These evaluation videos help give an intuition for how the adversarial policy generates "natural but adversarial" observations in other agents. The adversary is the red wrestler in all of these scenes. In the first row, the left video shows a state-of-the-art "zoo" variant of both wrestlers, trained with self-play. The right image shows a "zoo" blue wrestler and a random red adversary (ie no learned policy). The second row shows two examples (different seeds) of the red wrestler trained with an adversarial policy using PPO.
The agents in the top left video both act most reasonably: getting low to the ground, setting their legs wide to be stabled, and slowly approaching each other with arms wide in front of them. In the second row, the adversarial agents behave rather unusually for effective sumo wrestlers. They kneel on the ground, lean back, and flail their arms out or behind them. In many cases, the blue wrestler cannot respond as well or get as close to the red adversary. This can cause the blue wrestler to get off balance and topple backwards or out of the ring, leading to the adversarial policy's victory. Perhaps an agent trained with independent auxiliary rewards (e.g. for staying upright/balanced on their feet) would be less vulnerable to such an adversary.
Training Adversarial Policies: 20M Timesteps
Reproducing the Baseline Training Metrics from the Paper
To train the adversarial policies referenced in the paper, I set up the W&B Tensorflow integration with sync_tensorboard=True and run the training with
python -m aprl.train with env_name=multicomp/[ENV NAME= SumoAnts,..] -v0 paper
This lets me log and compare the full training curves of the models presented in the paper and easily explore how hyperparameters changes might affect my results. Note that the full 20M timesteps of training may not be done by the time you see this report :)

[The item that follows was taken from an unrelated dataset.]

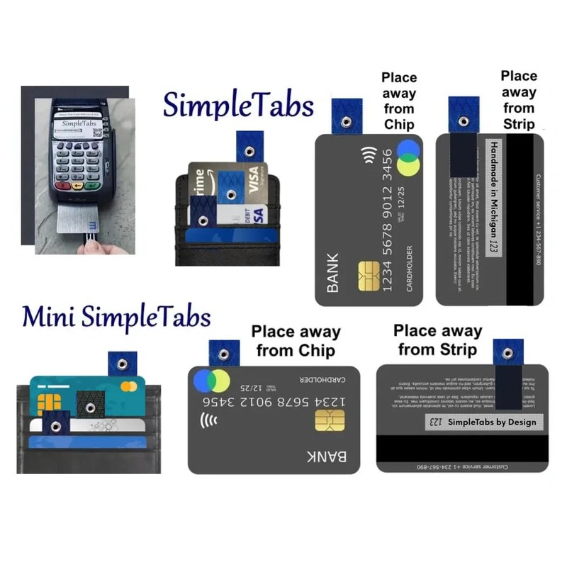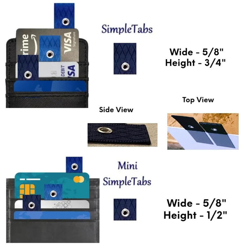 • (SIZE) Do you need SimpleTabs or Mini SimpleTabs? The difference between a SimpleTab and a Mini SimpleTab is the ribbon length. The Mini SimpleTab was designed for smaller wallets, men’s wallets, and wallets where the cards are removed towards the middle of the wallet. ✂ Ribbon Measurement ✂ ~ SimpleTabs - Height 3/4", Wide 5/8" ~ Mini SimpleTabs - Height 1/2", Wide 5/8".

Plot Key Metrics, Compare Interactively
Below, you can see that the adversarial policy converges more and might be more effective in the higher-dimensional/more complex SumoHuman environment (blue) compared to the lower-dimensional/simpler SumoAnt environment (orange). It also appears that the adversary policy is more effective in the goal-blocking scenario (KickAndDefend, red) than the line-guarding scenario (YouShallNotPass, purple).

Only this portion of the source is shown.